The Power of Memory

1 of Enlarge image

Power consumption in a typical server system. Source: Intel

Server energy efficiency vs. utilization. Source: IEEE Computer

With the global trend to go green and the relentless quest to reduce total cost of ownership, it’s not just mobile platforms that are focused on reducing power. Often consuming the equivalent electricity of a not-so-small country, data centers are prime candidates for reducing energy consumption. Where that power can be saved may come as a surprise. The biggest power hog in a typical computing system is the microprocessor. Fueled by Moore’s Law, microprocessor transistor counts have risen exponentially over the past two decades. Now numbering in the billions, high-performance transistors have increased processor computational performance by nearly four orders of magnitude since the late ’80s (Fig. 1).

But that dramatic rise in performance hasn’t come free. Today’s microprocessors are the biggest consumers of power in a typical server, but what’s No. 2? As processor performance increases, so too does the demands on memory. As a result, the memory subsystem finds itself a close second in the server power struggle. Illustrated in the chart above, DRAM accounts for about 20 percent of a server’s power budget. In itself, this isn’t that shocking since fast processors need to access large amounts of data from memory. What’s surprising is how much power memory uses when it isn’t even being accessed.

In general terms, DRAMs have two principal power modes: active read/write, and standby idle. As the name implies, in active mode, read and write operations are transacted between the processor and the DRAM, and power consumption is highest. In standby mode, when a DRAM is sitting idle, power consumption decreases from its peak but does not go to zero. Why is this important? In today’s multi-rank, high-capacity servers and workstations, standby power really adds up. In fact, even under peak workloads, the majority of memory resources are in standby burning up to half of the total memory power.

Please Stand By

In a study published in IEEE Computer, researchers Luiz Barroso and Urs Hölzle found that servers typically are utilized between 15 percent and 55 percent of the time. Memory accesses are generally proportional to server utilization. The rest of the time (i.e., the other 45 percent to 85 percent) the DRAM is in standby waiting for the next request. Figure 2 illustrates the typical operating region as the shaded area on the left.

Despite a server’s typical utilization residing predominantly in the sub-50-percent range, computing systems are normally optimized for high performance under peak workloads. Great emphasis is placed on the active power profile and increased server energy efficiency as utilization increases. For systems in the typical operating region, however, there is a substantial fall-off in energy efficiency. Lower utilization decreases the percentage that active power contributes to total memory power, leaving standby power as the dominant factor. The problem is magnified in high-capacity systems. For example, every memory channel on a typical server can connect to two DRAM modules, each with four ranks for a total of eight ranks of memory. During a memory access, only one rank within a single module is active at any given time.
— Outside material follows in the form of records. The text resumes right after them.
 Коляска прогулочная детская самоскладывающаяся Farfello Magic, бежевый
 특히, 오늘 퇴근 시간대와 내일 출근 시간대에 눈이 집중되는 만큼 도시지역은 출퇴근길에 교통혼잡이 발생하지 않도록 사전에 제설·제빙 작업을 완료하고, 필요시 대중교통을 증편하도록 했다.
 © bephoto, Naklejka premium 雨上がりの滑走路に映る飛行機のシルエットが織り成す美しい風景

This leaves the remaining modules and ranks in standby. In active mode, a single rank of memory dissipates 7.2W of power, while the cumulative power dissipated by the remaining ranks in standby is 13.9W. Timing registers and DRAM core refresh add another 1.4-2.3W per module. Consequently, standby power is 58 percent of the total memory power and a significant contributor to overall power consumption at all levels of utilization.

It’s Not Easy Being Green

Looking again at the server energy efficiency vs. utilization chart (Fig. 2), we see that while power consumption scales linearly with usage, power efficiency drops off exponentially as utilization decreases. For the memory subsystem, the more time the DRAM spends in standby, the less efficient it is. Combine this with typical utilization results from Barroso and Hölzle, and the resulting outlook for future data centers appears to be anything but green. There are several factors that contribute to standby power consumption and the resulting inefficiency. The fundamental design of DRAM requires that the core be periodically refreshed in order to maintain data. A DRAM memory cell stores data as a charge on a capacitor, and unless it is refreshed periodically, that charge and the associated data are lost. DRAM core refresh cycles consume power, but it is small relative to total power consumption and is consumed only a fraction of the time a DRAM is in standby.
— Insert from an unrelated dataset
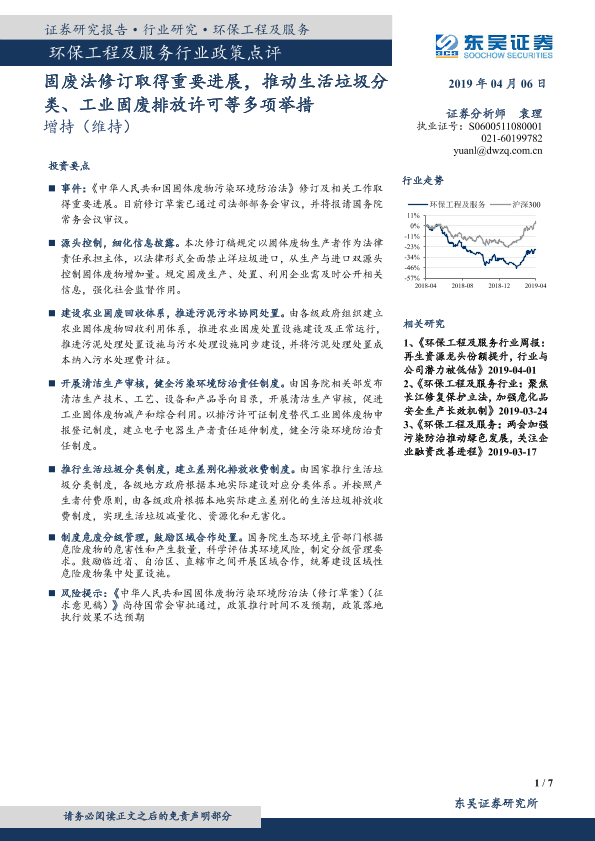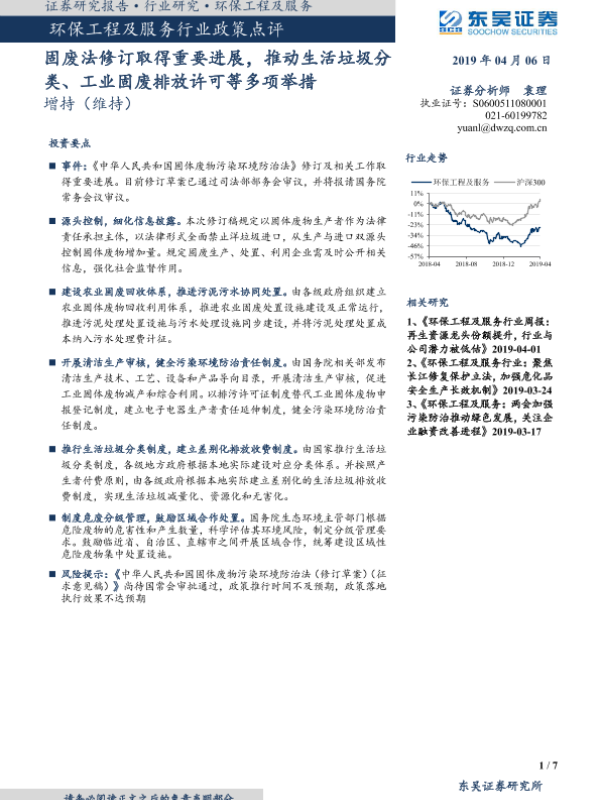 【东吴证券】【20190406】环保工程及服务行业政策点评:固废法修订取得重要进展-7页

Another component of standby power is that used for on-chip delay-locked loop (DLL) and clock buffers. The principal purpose of the DLL it to maintain the precise timing between the input clock and output signals at higher data rates. This is achieved by optimizing the clock access and output hold times to compensate for the timing shifts from process, voltage and timing variations. In addition, the delay caused by components such as on-chip clock buffers, input receivers and output drivers is monitored through a feedback mechanism and periodically adjusted to ensure stable memory signaling.

DLLs and clock buffers on both sides of the interface must remain powered on between transactions in order to keep the DRAM and the processor bus synchronized. Though core refresh power often gets a bad rap, it is the DLL clocking and clock drivers that make up the majority of memory system standby power. This is because they are always on, even in standby, drawing power 100 percent of the time. In contrast, depending on device density, the DRAM core spends less than 10 percent of the time in refresh.

For DDR3-based systems, the lowest power alternative is to put the entire DRAM in PowerDown mode, or IDD2PD, shutting off the DLL and drawing only 4 percent of the power consumed in active mode. This is the most power-efficient mode, but it requires 512 clock cycles to achieve DLL lock and exit PowerDown, a completely unacceptable latency between server transactions.

Active standby mode or IDD3N reduces the latency between back-to-back accesses to different ranks. In this mode, the DRAM is not being accessed, but DLL and clock buffers remain on. While power is reduced, the memory still draws 22 percent of the power consumed in active mode. Clock enable can also be toggled in active standby to marginally reduce power, but only at the cost of increased latency which solves neither the power nor the latency problem. An alternative method is needed in order to significantly reduce memory standby power while still achieving the performance and latency requirements of next-generation servers and workstations.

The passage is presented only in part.